FES is a consequence of embolization of free fat. It usually follows fracture or manipulation of long bones, which leads to disruption of the integrity of bone marrow resulting in escape of bone marrow fat into the circulation. Up to 10% of patients with long bone fractures and up to 40% of patients with internal fixation of femur fracture can present with FES. [1],[2] Hip arthroplasty procedures can also predispose to CFE and in a recent review article from Robert et al., they accounted for less than 5% of total reported cases but carry worse prognosis. [3] Patients can present with triad of varying severity of neurological, respiratory, and cutaneous manifestations, depending on the embolic burden in the respective vasculature. Neurological manifestations are seen in 80% of patients with FES, presenting as altered mental status with nonfocal signs, and can quickly progress to coma. [3] Unexpected neurological deterioration after major surgeries can be diagnostically challenging. The hemodynamic fluctuation during the perioperative period can precipitate ischemic stroke, seen in 22% of patients with elective hip replacement. [4] Many medications used in the perioperative period have mind-altering properties can cause hypoactive delirium. The nonspecific neurological changes seen in CFE, makes the diagnosis challenging, particularly, if the FES is lacking cutaneous and respiratory manifestation.
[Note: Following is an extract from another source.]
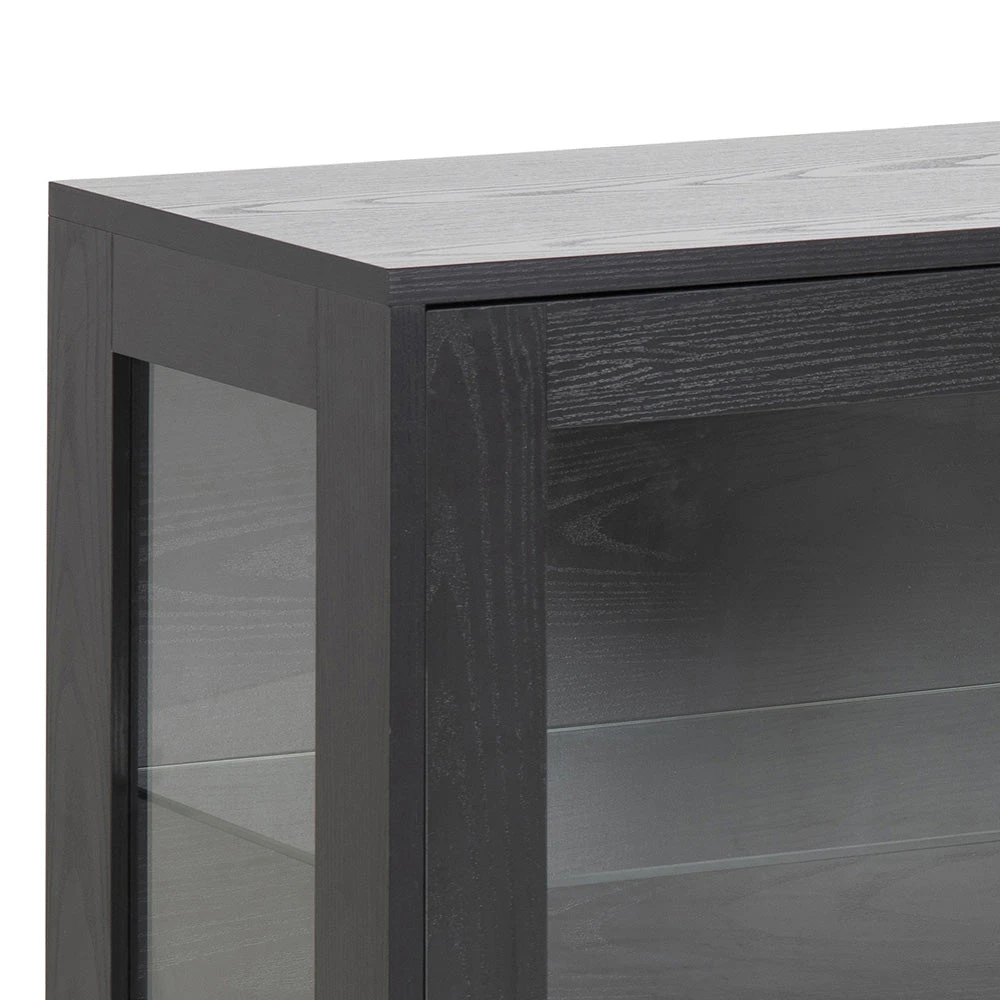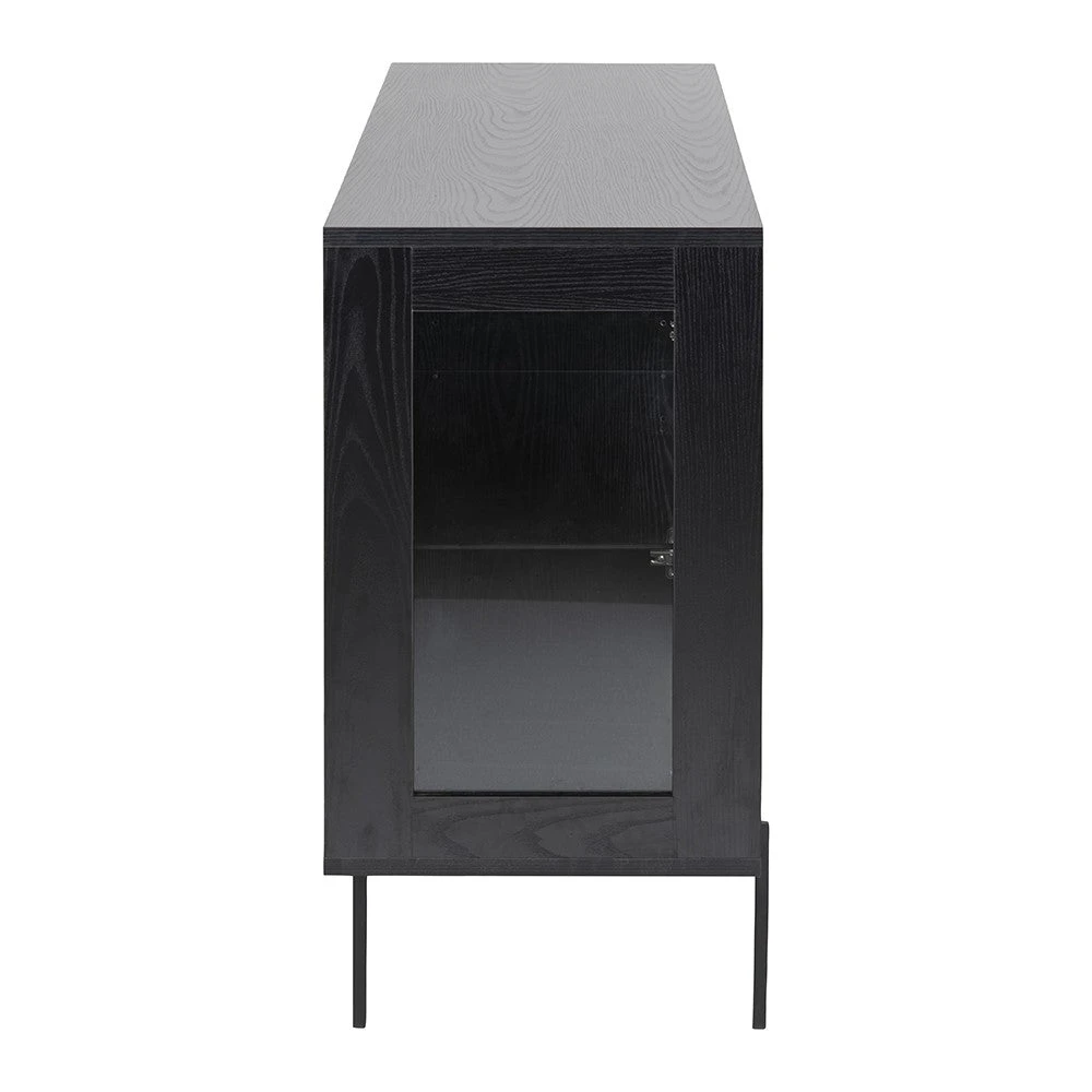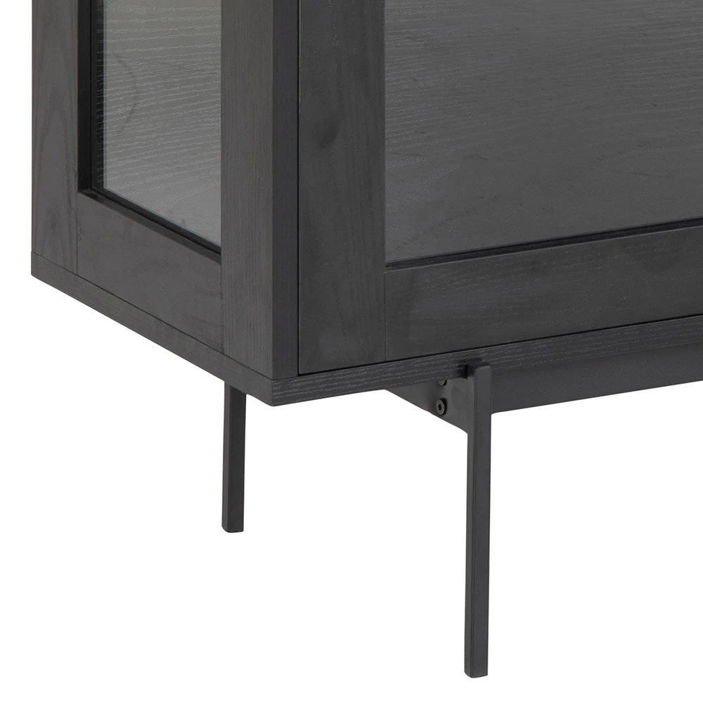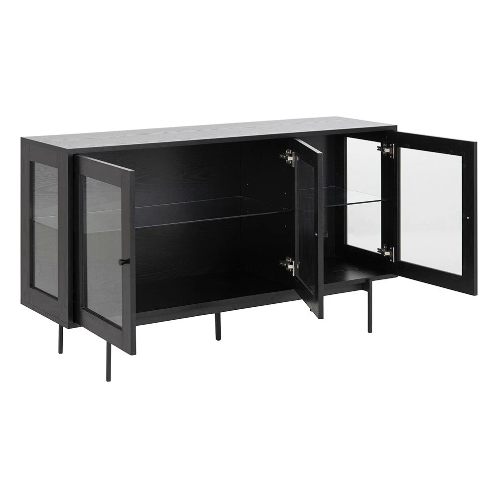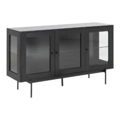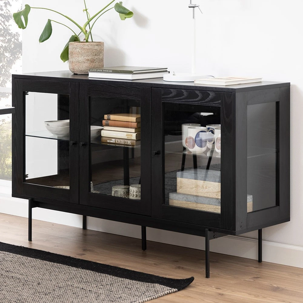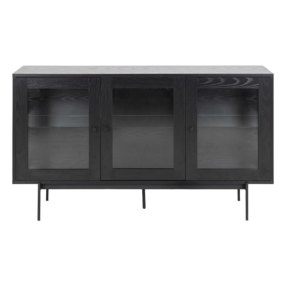 The KREMAN Sideboard featuring clean lines and a light structure, makes a modern addition to any home, offering ample storage space. It includes three glass doors and two shelves made of clear tempered glass, a top surface in ash black rough melamine, and a base in matte black rough powder-coated steel.

In our case, the absence of cutaneous manifestation did not fulfill any of the criteria used for the diagnosis of FES. [5] Moreover, the initial cranial CT scan finding of hypodense of lacunar lesion pointed towards stroke being the cause of neurological deterioration. The decline in respiratory and cardiac status was attributed to possible brain stem stroke or infections. This anchoring effect along with availability bias lead to misdiagnosis of stroke initially, and atypical presentation of CFE was undermined.

MRI of the brain is a sensitive test for detection of CFE, and shows changes typical of, but not specific to CFE. The constellation of findings seen in MRI of brain and can be grouped into three patterns as described by Kuo et al. [6] Type 1 pattern includes multiple nonterritorial foci of high signal intensity in white matter along with involvement of gray matter of basal ganglia and thalami [Figure 1]. Unlike other causes, in CFE the changes are more prominent in the centrum semiovale and appear as white spots on a dark background of the white matter on the T2W or diffusion weighted images described as Starfield pattern by Parizel et al. [7] They are seen in 84.6% patients in acute stage and only 18% of patients in late stage. Type 2A pattern consists of a confluent cytotoxic edema in the white matter seen as diffusion restricted lesions in the periventricular and subcortical white matter symmetrically. [6] This finding is seen in 81% of subacute cases but seen less often in acute stage. Type 2B pattern is seen less often and include contrast enhancement of these lesions seen in Type 2A pattern and DWI images may show increased diffusion. Type 2C pattern is the presence of extensive tiny petechial hemorrhages in the perivascular space. [6] It is seen in 60% of acute stages and 80% of late stages. Microhemorrhages are also seen in diffuse axonal damage but they are more distributed in grey-white matter interface and corpus callosum. The microhemorrhages in CFE are located predominately in the white matter and share the same distribution of the confluent white matter edema. Our patient showed a Type 1 and Type 2A pattern in the initial MRI done within one week of presentation and Type 2C pattern on the MRI done two weeks later. These changes are not specific to fat emboli and may be seen after systemic embolization, disseminated infections, hypoxic leukoencephalopathy, toxic leukoencephalopathy, hypoglycemic encephalopathy and diffuse axonal injuries. [6] MR spectroscopy will help in accurate diagnosis by identifying the extra cerebral fat in these corresponding lesions. The lipid peak, particularly in the short TE images, confirms the presence of fat in the circulation and the lactate peak suggests the anaerobic metabolism due to blockage of circulation by fat globules. [8],[9]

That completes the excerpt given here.